Wants me to remain myself. Every time Zac speaks to me, every time he is near me he gives me a sense of being something special. I’m not in this cell being trained to be someone’s plaything, he gives calmness to my trepidation of being here. I should be scared and I am but when Zac is near he helps, I can’t understand, I can’t explain it. I can feel my heart blossoming when I have a chance to think about him. I thought what I felt with Mark was the real thing but that was nothing compared to this. The need to talk to my sisters-in-law and gush about him is overwhelming but I can’t do it, I can’t do anything. I am stuck in here with no hope and all I want is to be held in my mother’s arms as I tell her of the man with beautiful eyes that likes me and treats me like a woman. Every time he looks into my eyes that’s what I know he sees in me, a woman, not a slave, not a girl, but a beautiful woman. He is so different from the others. His touch is warm, he isn’t cold and he doesn’t reek of untold danger like Mark or Marco do. I don’t even have to open my eyes to know when Mark or his father come into this place, I just know. The air around me becomes thicker, colder, danger is coated on every surface of this cell but with Zac it is different. I just know that he isn’t as dangerous as the other two and whenever he is near I just know that he would never hurt me. I don’t know what it is about him but there is just something in him that tells me all I need to know. As blackness claims me once again I want to ask him so many questions, questions I know he will have the answers to and will tell me without any hidden meanings. He is different. If I were in any other situation I may even want to get to know him better. From what I can tell he has kind eyes, warmth radiates throughout his soul and I don’t know how but I can tell there is another reason for him being here. I can only hope there is, anyway.

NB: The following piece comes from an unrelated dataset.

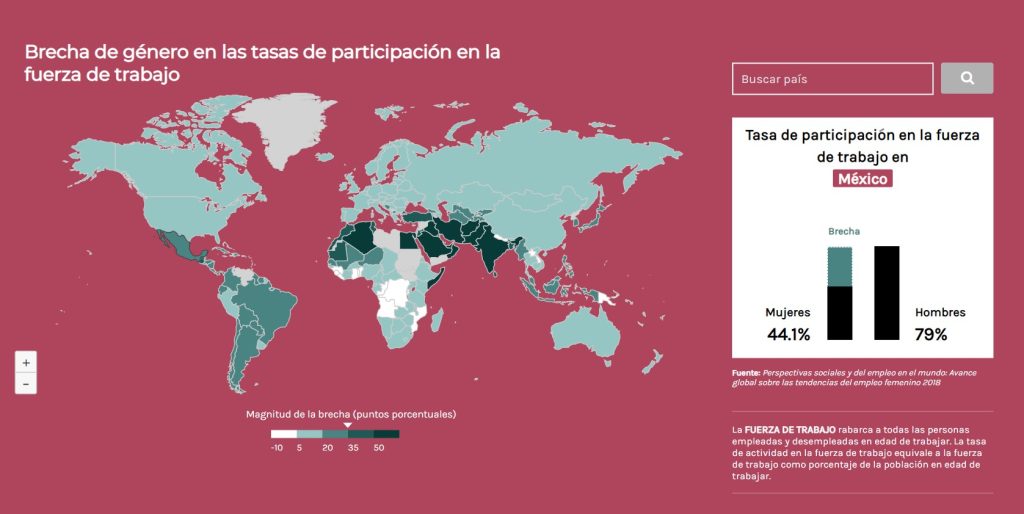 Según los datos de la OIT, hasta 2018 el país mostraba una brecha de 34.9% entre mujeres (44.1%) y hombres (79%).

“Stay strong.” He said in barely a whisper in my ear and the thought that maybe he is on my side throughout this whole nightmare makes my heart warm my chest in a low glow. I cling to my body, trying to fight to keep hold of the feeling of warmth that tries to spread out of me just thinking of him and how nice he has been to me. No one has ever been like that to me before, my life has always consisted of what I or my family could do for them. I give away a small laugh as the thoughts of the only man I loved and who I thought loved me ended up being just the same as everyone else. How could I have been so blind? I was so stupid but then again I am in this situation and I am feeling funny over my captor. A captor who although is different from Mark and his father is still a heartless criminal. I manage to fall asleep with visions of him dancing away in my head.